PT: People we know like Baasha seem to thrive on creating problems for people. Motivated by greed or rage or jealousy they rampage through people’s lives creating chaotic circumstances that at best can only be contained or controlled so the damage does not spill over any further. The Bible calls this the life of the flesh where the mind set on the flesh is death… because the mind set on the flesh is hostile toward God; for it does not subject itself to the law of God, for it is not even able to do so, and those who are in the flesh cannot please God (Romans 8:6-8).

—Even James warns that God will intervene in a believer’s life to prematurely take them to heaven if a sinning believer does not repent. My brethren, if any among you strays from the truth and one turns him back, let him know that he who turns a sinner from the error of his way will save his soul from death and will cover a multitude of sins (James 5:19-20). Sin is a serious error with dire consequences for unbeliever and believer.

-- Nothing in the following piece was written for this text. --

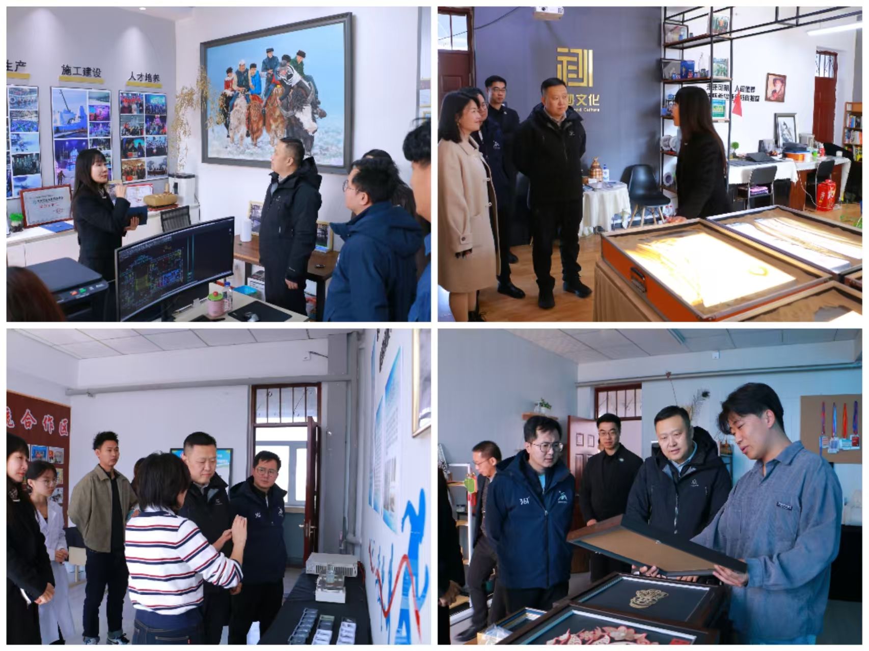 调研期间,李本辉一行先后走访园区代表性文创设计企业、“冰雪+双创”特色孵化企业,实地考察涵盖文创产品设计、数字媒体艺术、冰雪文旅经济等领域的在孵项目。目前,大学生创业园区已初步形成特色鲜明、业态多元的文创产业集群,调研团队深入企业工作室、创意设计展示区,与企业负责人面对面交流,详细了解项目运营模式、创意研发思路、市场拓展现状及发展瓶颈,精准对接合作契机,为后续校企联动赋能企业发展奠定基础。

Verses 31-34: conclude there was war between Asa and Baasha king of Israel all their days v 32. For being a wicked man, and an idolater, Asa had no respect for him, though he had slain the family of Jeroboam. Or had Baasha any regard to Judah, nor to the worship of God at Jerusalem. He did evil in the sight of the Lord, and walked in the way of Jeroboam and in his sin which he made Israel sin v 34. The summary puts it simply. Though Baasha was not a genetic descendent of Jeroboam (having murdered his family), he was certainly a spiritual descendent of Jeroboam. This makes it evident that Baasha did not cut off Jeroboam’s family because they were idolaters, but because he aspired to the throne. Eventually, the only way to rid society of this menace was for God to intervene and kill him. It seems that even left with damage control as the only option, God may step in to stop the carnage.



·      Sin is anything contrary to the character of God. When you are aware of sin in your life deal with it. Manage it. do something about it. Address it. Handle it. Don’t just pray about it. Your life is in peril if you do. James says therefore, to one who knows the right thing to do and does not do it, to him it is sin (James 4:17).

PT: We are sinful in three ways: 1. We have imputed sin by virtue of being related to Adam. It’s guilt by association. 2. We have natural sin which is our sin nature, bent or capacity inherited from our physical parents. Both our physical and spiritual DNA come from them. 3. We have personal sin we actually commit—violations of God’s character of which we are personally guilty.

·      We never want to settle for damage control. That’s because we then admit that chaos is a viable option and it is not. Damage control is to contain chaos, but chaos is the fruit of sin not righteousness. So, always make damage control your last option even though you may only be left with that option.